The Windmill is a recreational sailboat, built predominantly of plywood or fiberglass in the form of a double hull with a foam core, resulting in an unsinkable boat. It has a fractional sloop rig with aluminum spars. The boat and is sailed only with a jib and mainsail, no spinnaker and no trapeze. The hull has a rounded plumb stem, a conventional transom, a transom-hung rudder controlled by a tiller and a retractable daggerboard.
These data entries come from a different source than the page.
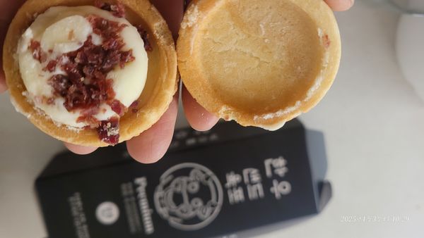 부드러운쿠키에 버터링식감이에요 한우육포가 콕콕박힌 고급디저트에요 육포맛은 거의안나는데 맛있어요 한우라 비싸서그런지 양이 너무적어아쉽네요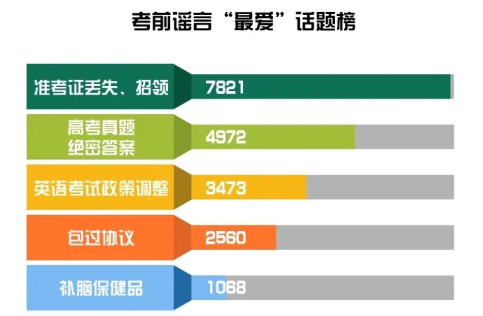 丟準(zhǔn)考證事件每年都有發(fā)生,一方面讓信息真假難辨,迷惑性強(qiáng),不少網(wǎng)民正出于善于轉(zhuǎn)發(fā),給了謠言可乘之機(jī);另一方面,其較高的出現(xiàn)頻率、舊謠新傳等特點(diǎn),也為識(shí)謠辨謠提供了契機(jī)。中國(guó)互聯(lián)網(wǎng)聯(lián)合辟謠平臺(tái)對(duì)近3年此類謠言進(jìn)行梳理,歸納出此類謠言高頻詞,看到它們,就別轉(zhuǎn)了!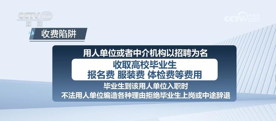 用人單位或者中介機構以招聘為名,收取高校畢業(yè)生報名費、服裝費、體檢費等費用。畢業(yè)生到該用人單位入職時,不法用人單位編造各種理由拒絕畢業(yè)生上崗或中途辭退。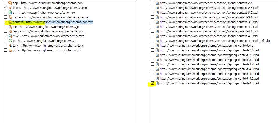 beans.xml ํ์ผ ๋ฐ์ Namespaces๋ฅผ ํด๋ฆญํ๋ค.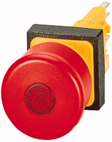 Q25LPV RMQ16 Botón paro de emergenciaIluminado . Diseño tipo hongo con 25X25mm de diámetro de cabezal. Cabezal tipo hongo color rojo y base amarilla. Jalar para liberar. Unidad basico (requiere adaptador y módulos de contacto). Grado de protección: IP65.

It displaces 198 lb,

The boat has a draft of 4.17 ft with the daggerboard extended and 6 in with it retracted, allowing beaching or ground transportation on a trailer or car roof rack.

For sailing the design is equipped with jib and mainsail windows for visibility. It also has an internal 2:1 mechanical advantage outhaul, a 4:1 boom vang controlled by the boat's skipper and a 4:1 Cunningham. The boat has adjustable jib fairleads and a mainsheet traveler, plus an Elvstrom bailer.

The design has a Portsmouth Yardstick racing average handicap of 90.2 and is normally raced with a crew of two sailors.

==Operational history==
In a 1994 review Richard Sherwood wrote, "the Windmill is a high-performance sloop that can be built from plans or from a kit, or purchased complete. She is very light and planes quickly. Class rules are strict, and neither spinnakers nor trapezes are allowed. With a double hull and closed-cell foam, the boat is unsinkable. This type of construction also results in a very rigid boat."

The boat is supported by an active class club, the Windmill Class Association.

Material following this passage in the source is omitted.